Now, when most people hear that "There's a 0% chance that X will happen." in a dart throwing contest (using darts in this example as Callahan does), people are assuming we are discussing a dart that has some physical substance to it, to be thrown at some real target. Since at this point, Callahan has not added the non-common way of thinking about the situation in terms of an "infinite dart". Now, it is perfectly legitimate to construct any type of thought experiment you want, but this has zero to do with Callahan's original statement. As David Gordon points out Callahan's first sentence is ambiguous.

He is saying, "Ha, ha most people aren't as smart as I am because they think  0% chance means something will never happen". But "most people" are correct using every day non-infinite concepts. When Callahan introduces an "infinitely fine-pointed dart", he introduces a factor not considered in everyday use of the term probability.  The people are right and Callahan is wrong and I can prove this by using Callahan's infinite concept and proving that he has 0% chance of coming up with a logical thought.

Let us examine Callahan's thinking process along a timeline divided up into an infinite number of points (slyly slipping in the concept of infinite as does Callahan in his dart argument).

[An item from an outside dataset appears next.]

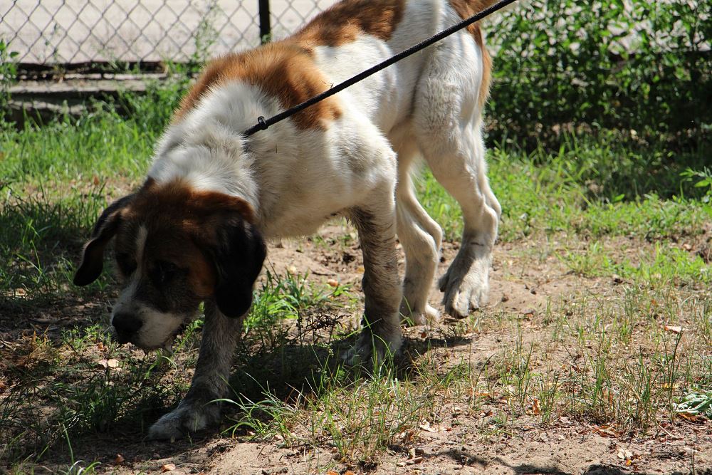 Pies w typie bernardyna odłowiony dziś w gminie Czarnków z Gajewa . Jest zadbany - był dobrym psem stróżującym. Ma około 4-5 lat.

Now, we all know that a thought takes time to develop, so that at any point on Callahan's infinite timeline it is impossible for him to have a logical thought. The chance is 0%.

Now, this is nutty and has nothing to do with reality, since we  generally do not consider thoughts at a point on an infinite timeline, but neither do we consider infinite darts. But on second thought, as I assemble a number of my infinite fractions of thought, I see something unique happens with Callahan logical thought, his logical thought here over time in this discussion does intersect with his infinite thoughts at 0%.

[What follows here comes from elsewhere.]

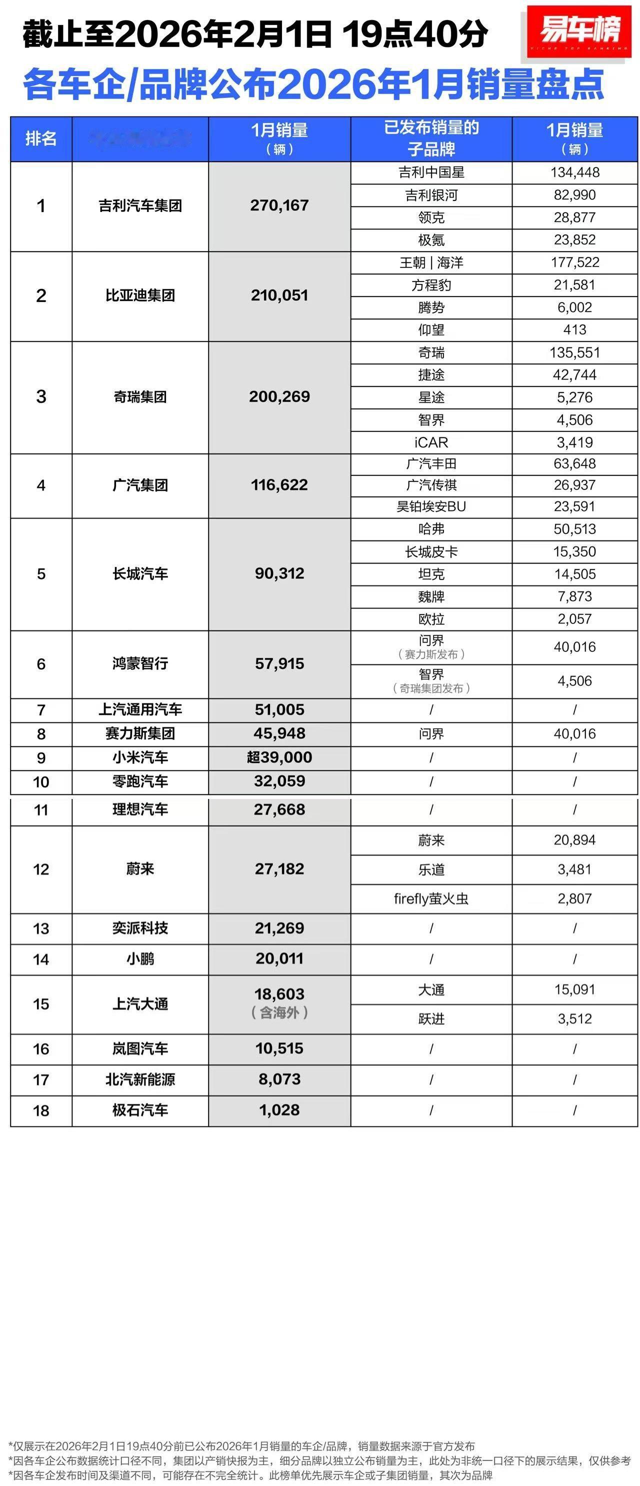 易车统计的各车企/品牌公布2026年1月销量盘点。

  1. Why is there this heated divide among Austrian economist these days and what the heck for?

    1. As far as I know, Gene doesn't really consider himself an economist (I could be wrong). Which, considering that his focus is primarily philosophy, that makes sense. However, I think the biggest divide comes from the fact that Gene isn't a libertarian and often makes rather scornful comments regarding libertarian philosophy. It is true that I don't know the whole story, so there could be some personal reasons, as well.

      Personally, I am an Austro-libertarian of the Rothbardian variety, so it goes without saying that I often disagree with Gene. However, he hasn't given me good reason to hate him... Yet!

    2. Joe, I was writing a long response answering this, but you hit the good points.

      I'll add to this by saying that I agree with your "scornful comments" bit. Personally, I'll say that I've found that Callahan comments live on a continuum that spans from snarky to douche. So to that, I say, "who's to blame if you get stung after kicking a hornets' nest; the hornets for building the nest or you for kicking it?" It's not a rationale, but are you surprised?

      By the way, I enjoy your comments where I find them.

    3. So if GC is not a libertarian he believes in what? The same worn out and tired left-right paradigm? Authoritarianism?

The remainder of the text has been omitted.